_Try it:_ The records that follow are to be transcribed in full, leaving out each picture.

_Recorded data:_

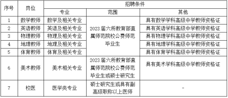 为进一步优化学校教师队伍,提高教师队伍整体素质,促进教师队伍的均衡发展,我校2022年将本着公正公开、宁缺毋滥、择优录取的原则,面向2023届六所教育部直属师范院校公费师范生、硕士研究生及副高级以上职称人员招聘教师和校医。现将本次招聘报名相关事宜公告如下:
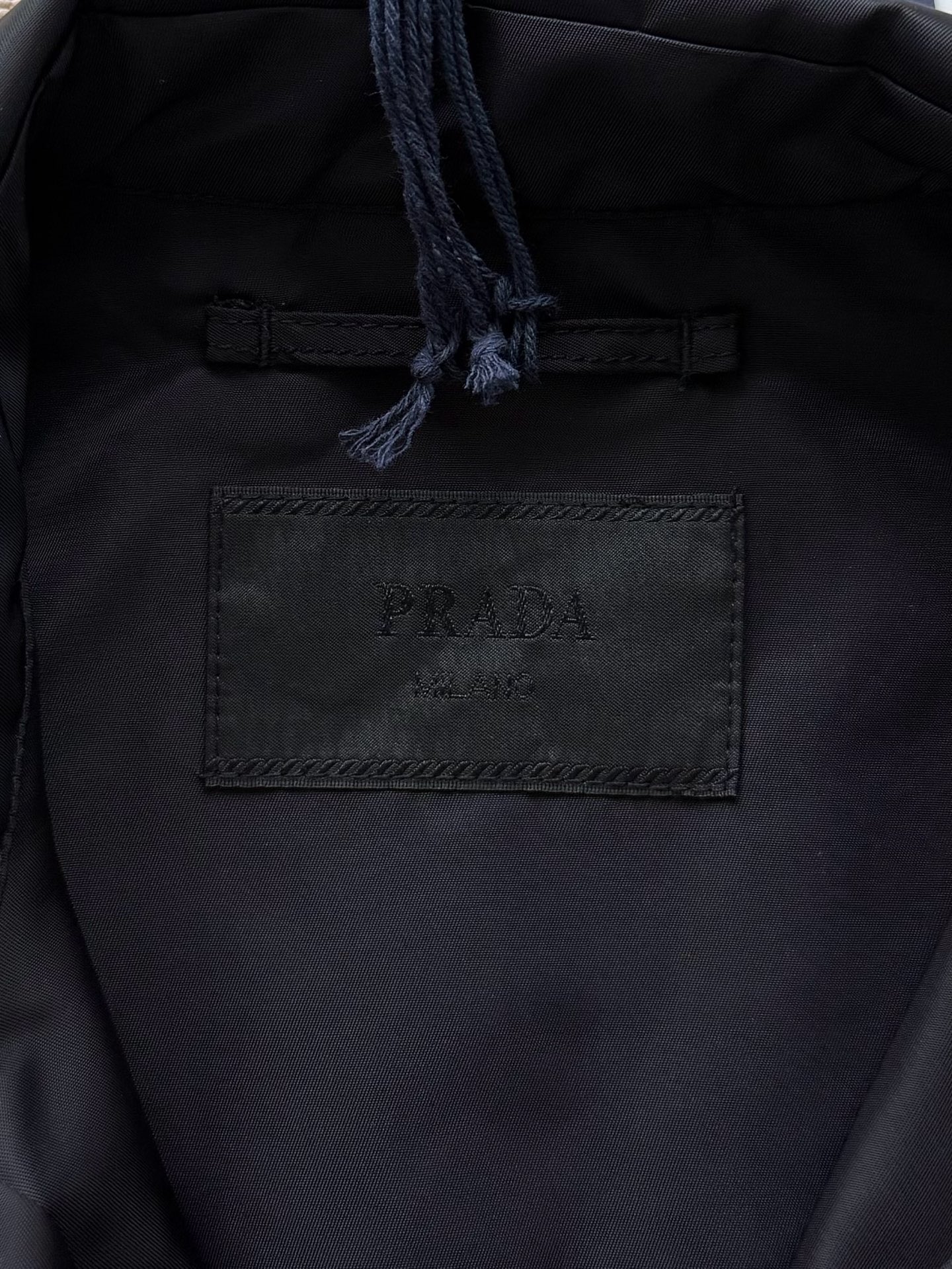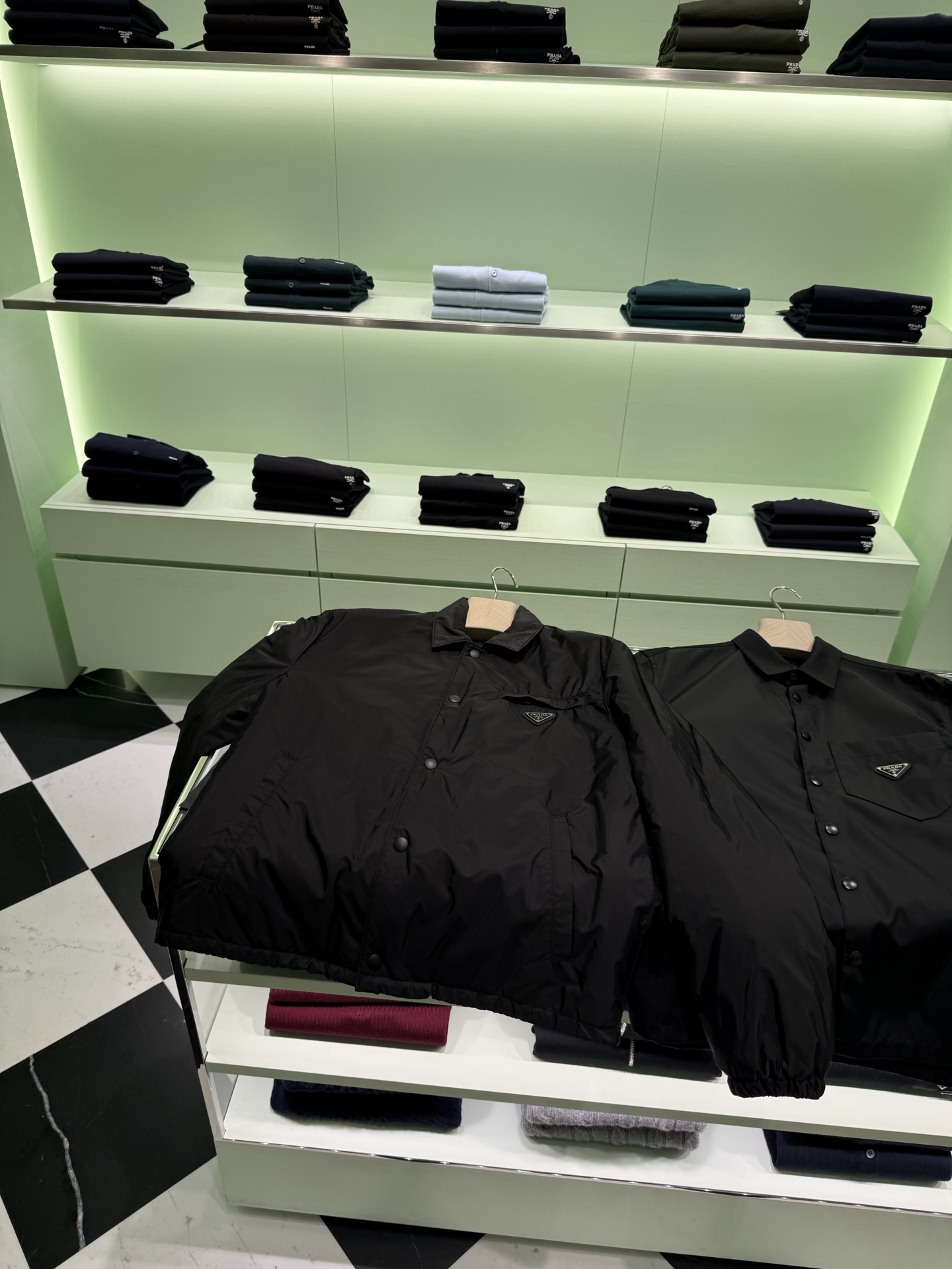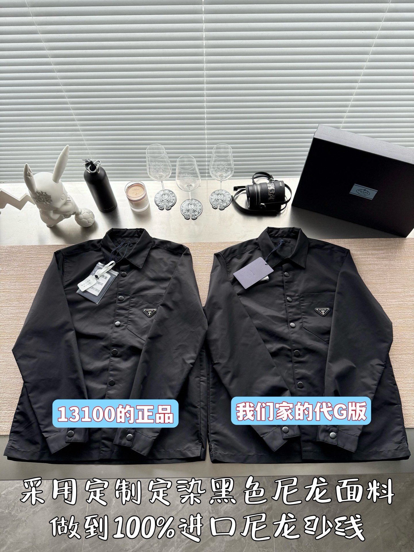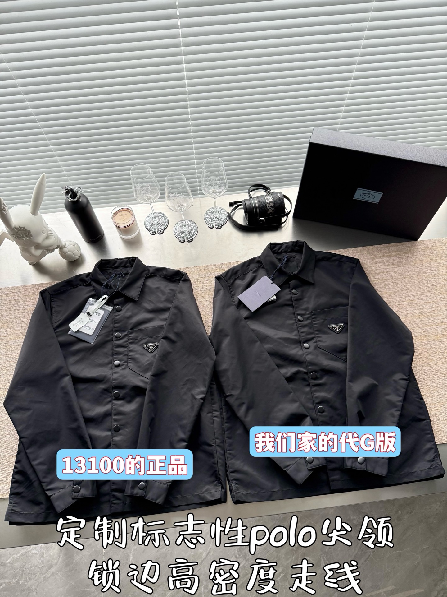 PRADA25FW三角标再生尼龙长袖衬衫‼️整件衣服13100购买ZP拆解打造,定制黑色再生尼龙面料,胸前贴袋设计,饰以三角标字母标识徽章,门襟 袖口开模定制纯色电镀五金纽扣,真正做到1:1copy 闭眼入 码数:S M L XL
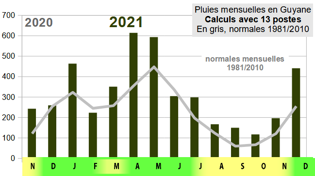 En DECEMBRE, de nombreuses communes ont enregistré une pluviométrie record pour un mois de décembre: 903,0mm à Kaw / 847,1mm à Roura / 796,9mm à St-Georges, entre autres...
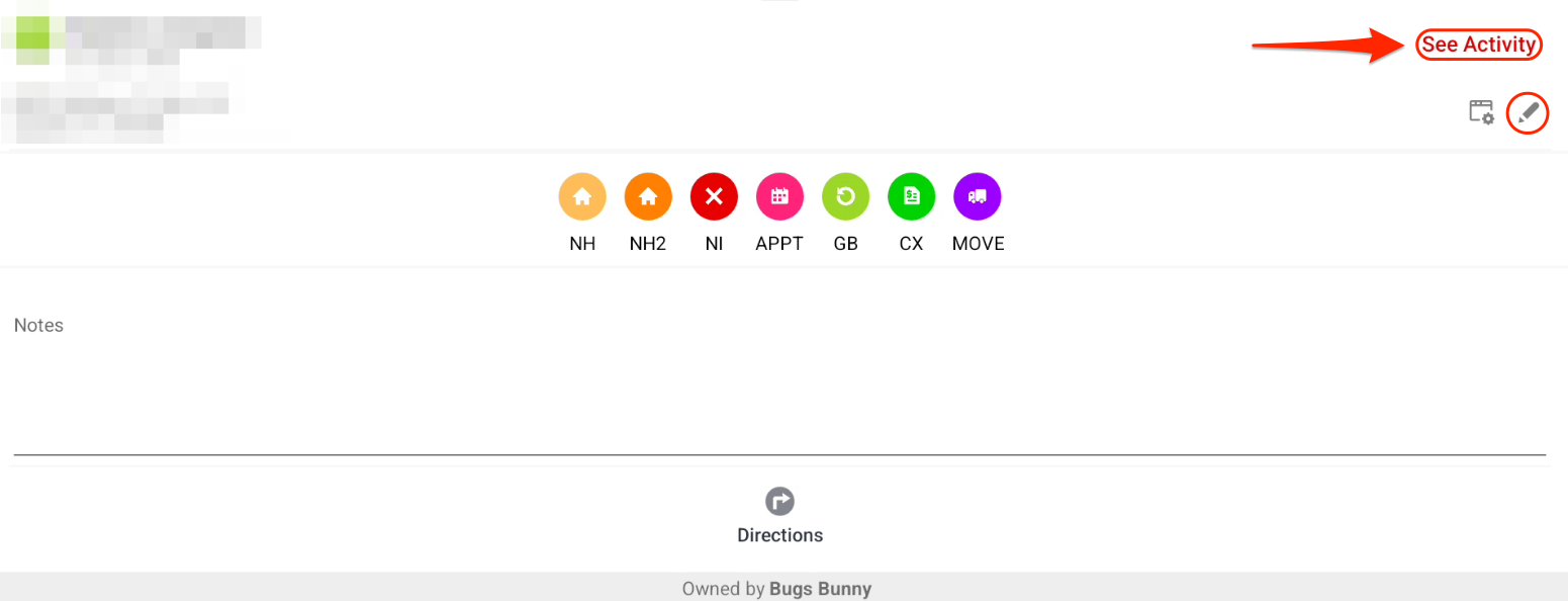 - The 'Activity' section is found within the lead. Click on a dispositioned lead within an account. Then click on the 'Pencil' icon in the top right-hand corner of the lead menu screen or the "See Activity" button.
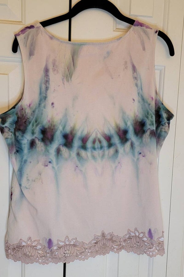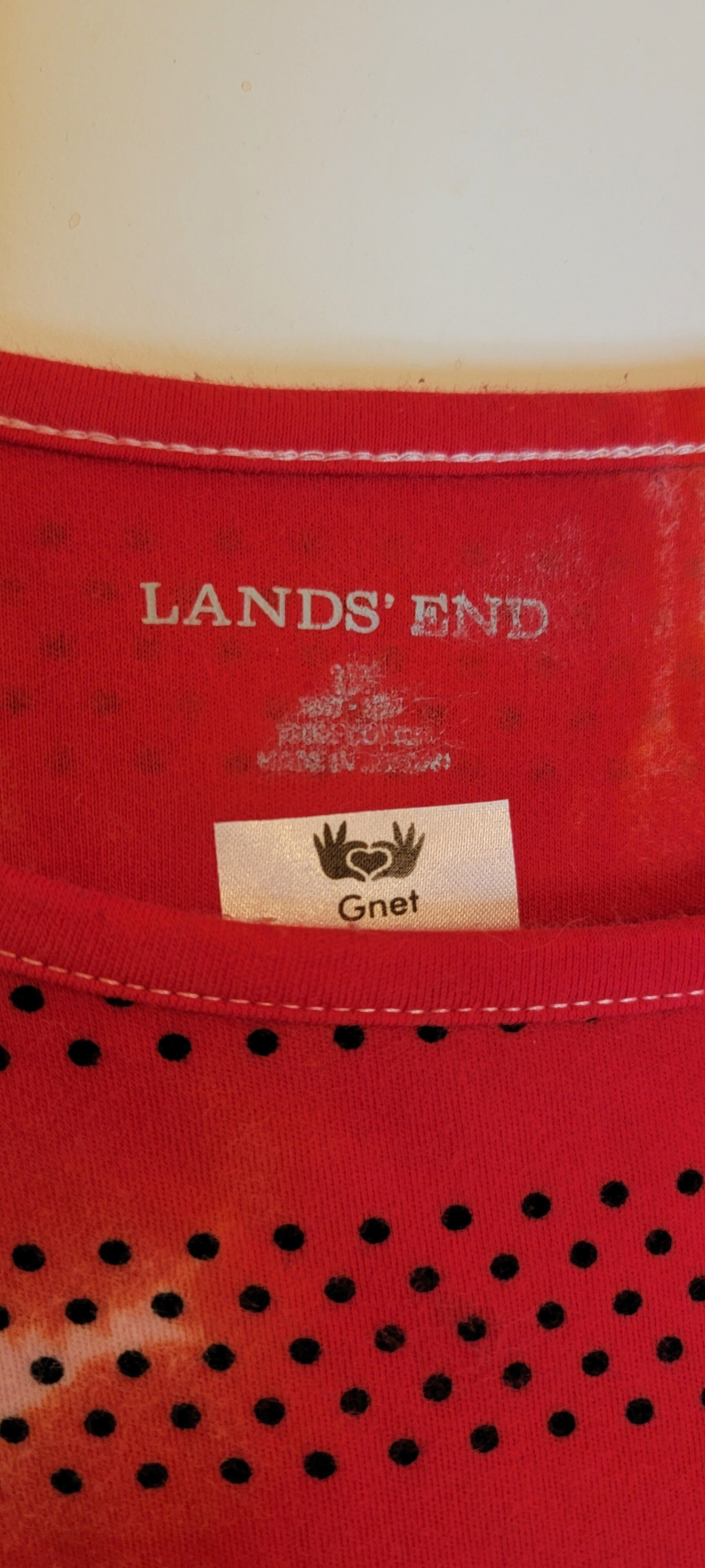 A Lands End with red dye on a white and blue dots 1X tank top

_Written answer:_
 为进一步优化学校教师队伍,提高教师队伍整体素质,促进教师队伍的均衡发展,我校2022年将本着公正公开、宁缺毋滥、择优录取的原则,面向2023届六所教育部直属师范院校公费师范生、硕士研究生及副高级以上职称人员招聘教师和校医。现将本次招聘报名相关事宜公告如下:
 PRADA25FW三角标再生尼龙长袖衬衫‼️整件衣服13100购买ZP拆解打造,定制黑色再生尼龙面料,胸前贴袋设计,饰以三角标字母标识徽章,门襟 袖口开模定制纯色电镀五金纽扣,真正做到1:1copy 闭眼入 码数:S M L XL
 En DECEMBRE, de nombreuses communes ont enregistré une pluviométrie record pour un mois de décembre: 903,0mm à Kaw / 847,1mm à Roura / 796,9mm à St-Georges, entre autres...
 - The 'Activity' section is found within the lead. Click on a dispositioned lead within an account. Then click on the 'Pencil' icon in the top right-hand corner of the lead menu screen or the "See Activity" button.
 A Lands End with red dye on a white and blue dots 1X tank top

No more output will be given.